There were bumbazeens, and challies, and merinos, and crape, and gauze, and dimity, and caps, bonnets, stockings, shoes, boots, rigids, stays, ringlets; and, would you believe it, she had the unspeakable audacity to include a bustle! It was the most monstrous specification and proposal I ever read, and I returned it by the twopenny post, axing her if she hadn't forgotten to include a set of false teeth. Still, I confess, I'm tired of Tooley Street. I feel that I have a soul above hemp, and was intended for a brighter sphere; but vot can one do, cooped up at home without men of henergy for companions? No prospect of improvement either; for I left our old gentleman alarmingly well just now, pulling about the flax and tow, as though his dinner depended upon his exertions. I think if the women would let me alone, I might have some chance, but it worries a man of sensibility and refinement to have them always tormenting of one.--I've no objection to be led, but, dash my buttons, I von't be driven." "Certainly not," replied Mr. Jorrocks, with great gravity, jingling the silver in his breeches-pocket. "It's an old saying, James, and times proves it true, that you may take an 'oss to the water but you carn't make him drink--and talking of 'osses, pray, how are you off in that line?" "Oh, werry well--uncommon, I may say--a thoroughbred, bang tail down to the hocks, by Phantom, out of Baron Munchausen's dam--gave a hatful of money for him at Tatts'.--five fives--a deal of tin as times go. But he's a perfect 'oss, I assure you--bright bay with four black legs, and never a white hair upon him.

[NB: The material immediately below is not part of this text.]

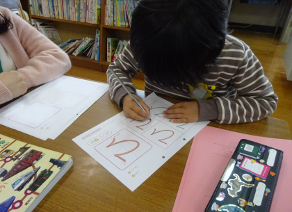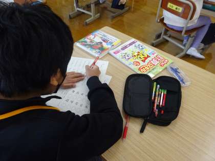 1ねんせいはひらがな、4年生・5年生・6年生は漢字の練習をしました。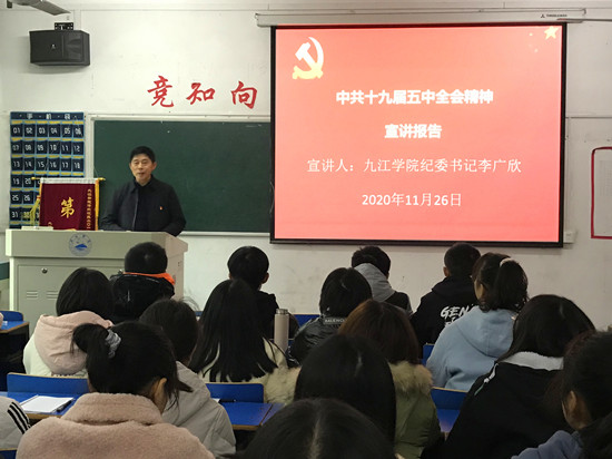 课堂上,纪委书记李广欣通过大量的事实、案例对党的十九届五中全会精神进行了深入浅出的阐述,同学们倾心聆听,大家认为这是一堂及时有收获的思政课,达到了润物无声的效果。

He's touched in the vind, but that's nothing--I'm not a fox-hunter, you know, Mr. Jorrocks; besides, I find the music he makes werry useful in the streets, as a warning to the old happle women to get out of the way.

Pray, sir," turning to the Yorkshireman with a jerk, "do you dance?"--as the boat band, consisting of a harp, a flute, a lute, a long horn, and a short horn, struck up a quadrille,--and, without waiting for a reply, our hero sidled past, and glided among the crowd that covered the deck.

"A fine young man, James," observed Mr. Jorrocks, eyeing Jemmy as he elbowed his way down the boat--"fine young man--wants a little of his father's ballast, but there's no putting old heads on young shoulders.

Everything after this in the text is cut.